Wird zu häufig operiert? |
Christina Hohmann-Jeddi |
01.12.2022 14:00 Uhr |
Knotige Veränderungen an der Schilddrüse lassen sich bei fast jedem zweiten Erwachsenen in Deutschland finden. / Foto: Getty Images/Doucefleur
Fast jeder zweite Erwachsene in Deutschland hat knotige Veränderungen seiner Schilddrüse. Darauf weist die Deutsche Gesellschaft für Endokrinologie (DGE) in einer Mitteilung hin. Ein Grund hierfür ist der in Deutschland verbreitete Iodmangel.
Bei Anzeichen auf eine Krebserkrankung oder starker Vergrößerung der Drüse kann sie vorsorglich operiert werden. Bislang ging man davon aus, dass etwa 15 Prozent der Schilddrüsenknoten bösartig sind oder entarten können. Jetzt zeigt eine deutsche Langzeituntersuchung, dass der Prozentsatz wohl deutlich geringer ist.
Eine Arbeitsgruppe um Professor Dr. Martin Grußendorf von der Universitätsklinik Düsseldorf hatte in den Jahren zwischen 1989 und 2013 in einem endokrinologischen Zentrum 17.592 Patientinnen und Patienten mit Schilddrüsenknoten von mehr als 1 cm Durchmesser untersucht. 1904 von ihnen wurden operiert und 6731 länger als ein Jahr nachverfolgt (davon 1165 länger als zehn Jahre und bis zu 23 Jahren).

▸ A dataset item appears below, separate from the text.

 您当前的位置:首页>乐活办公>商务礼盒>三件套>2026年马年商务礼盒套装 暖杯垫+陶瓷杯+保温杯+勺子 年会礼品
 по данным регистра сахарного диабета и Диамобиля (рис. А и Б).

Bei 155 Patientinnen und Patienten konnten im Jahr nach der Erstvorstellung Malignome histologisch nachgewiesen werden, bei weiteren 25 wurde ein Malignom in den Jahren zwei bis fünf entdeckt und bei weiteren neun in den Jahren sechs bis zehn. Danach wurden bis 23 Jahre nach Erstdiagnose der Knoten keine weiteren bösartigen Veränderungen festgestellt. Insgesamt diagnostizierten Ärztinnen und Ärzte bei 189 Patienten Schilddrüsenkrebs. Dies entspricht einer Malignitätsrate von 1,1 Prozent, berichtet das Team im »European Thyroid Journal«.

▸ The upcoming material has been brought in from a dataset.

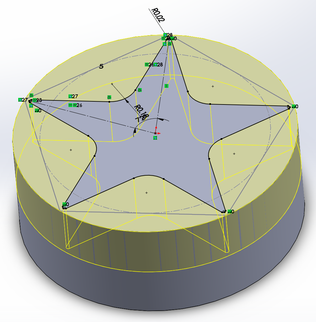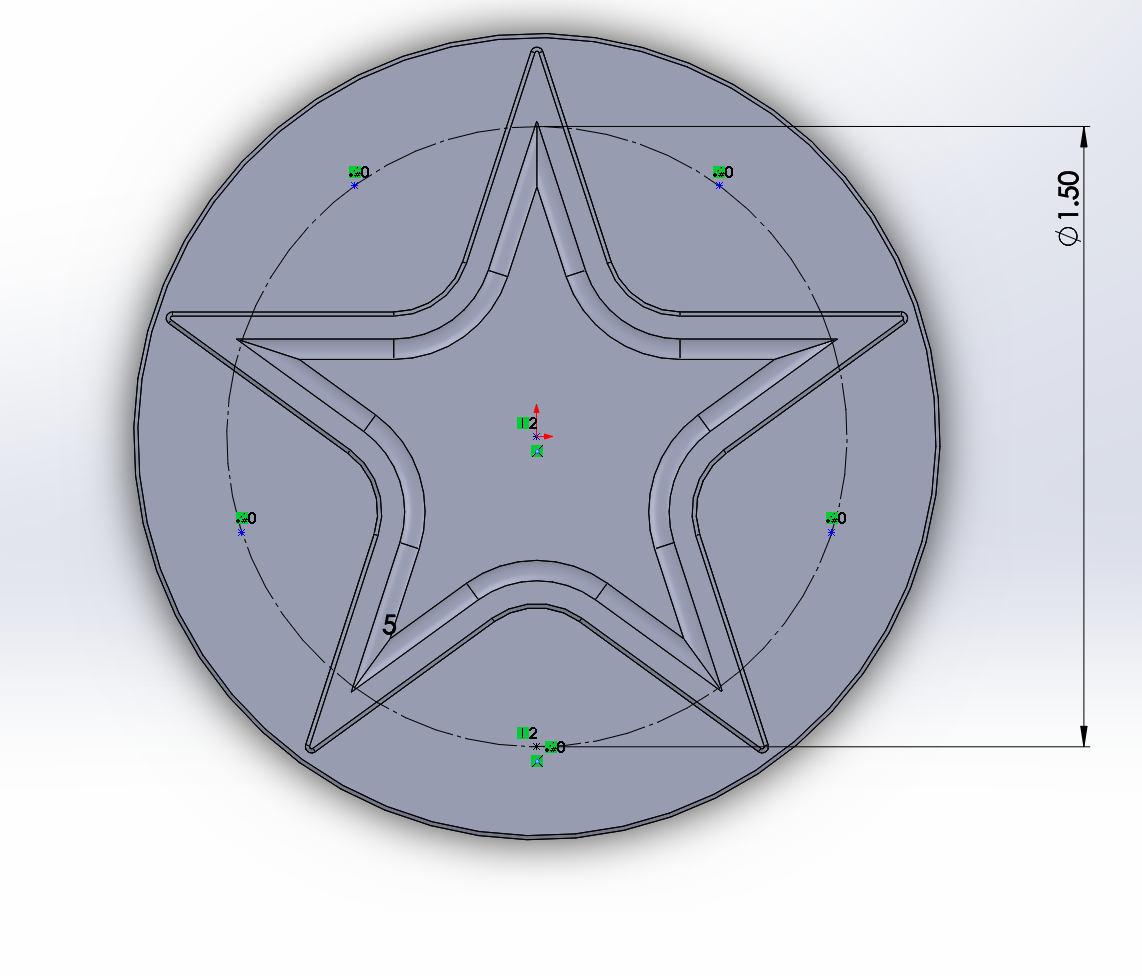 Can someone make this part in Solidworks 2015 format or lower and upload it? I can easily make this part's geometry but the blueprint is confusing me a little. Such as how far should the tip of the star be away from the circle and the engrave part.

Die Daten bestätigen Zahlen des Robert-Koch-Instituts zur Häufigkeit von Schilddrüsenkrebs. Dort wurden in 25 Jahren bundesweit 103.300 Fälle erfasst. »Die daraus abgeleitete Krebsrate von Knoten der Schilddrüse liegt bei etwa 1 Prozent und damit bei nur circa einem Zehntel der in den Leitlinien angegebenen Rate«, sagt Grußendorff in der Mitteilung.
»Diese neuen Zahlen sollten in die Risikoabschätzung beim Umgang mit den Knoten einfließen, insbesondere auch was die OP-Entscheidung angeht«, so Grußendorf. Das fordert auch die DGE. Momentan werden in Deutschland jährlich rund 56.000 Schilddrüsenoperationen durchgeführt. »Das sind circa 70 Operationen pro 100.000 Einwohner. Im europäischen Durchschnitt liegen die Zahlen jedoch mit 47 Operationen pro 100.000 Einwohner deutlich niedriger.«
Deutschland ist bekanntermaßen ein Iodmangelgebiet. Um Überdiagnostik und Übertherapie zu vermeiden, sollte hier laut der DGE auf ein routinemäßiges Ultraschall-Screening der Schilddrüse verzichtet werden, wenn keine Hinweise auf eine Schilddrüsenerkrankung vorliegen. Wird ein Knoten mit einem Durchmesser von mehr als 1 cm nachgewiesen, sollte zunächst eine Sonografie mit einer standardisierten Befundung nach TIRADS (Thyroid Imaging And Reporting System) erfolgen.
Außerdem rät die Fachgesellschaft, im Blut den TSH-Wert zu bestimmen. Weicht er von der Norm ab, sollten im nächsten Schritt zusätzlich die Schilddrüsenhormone fT4 und fT3 gemessen werden. »Ebenso empfehlen wir die Bestimmung des Calcitonin-Wertes«, so der Experte. Dadurch könnten die in etwa 0,5 Prozent der Fälle auftretenden sogenannten C-Zell-Karzinome frühzeitig entdeckt werden.
Hat man sich entschieden, den Knoten zu beobachten, sollte man ihn nach sechs bis zwölf Monaten erneut per Ultraschall kontrollieren und bei weiterhin unauffälligem Befund eine weitere Nachkontrolle nach zwei bis drei Jahren durchführen. »Da bei initial unauffälligen Schilddrüsenknoten danach nur noch sehr wenige Malignome auftreten, muss der Stellenwert einer langjährigen Nachsorge jedoch kritisch hinterfragt werden«, ergänzt Grußendorf.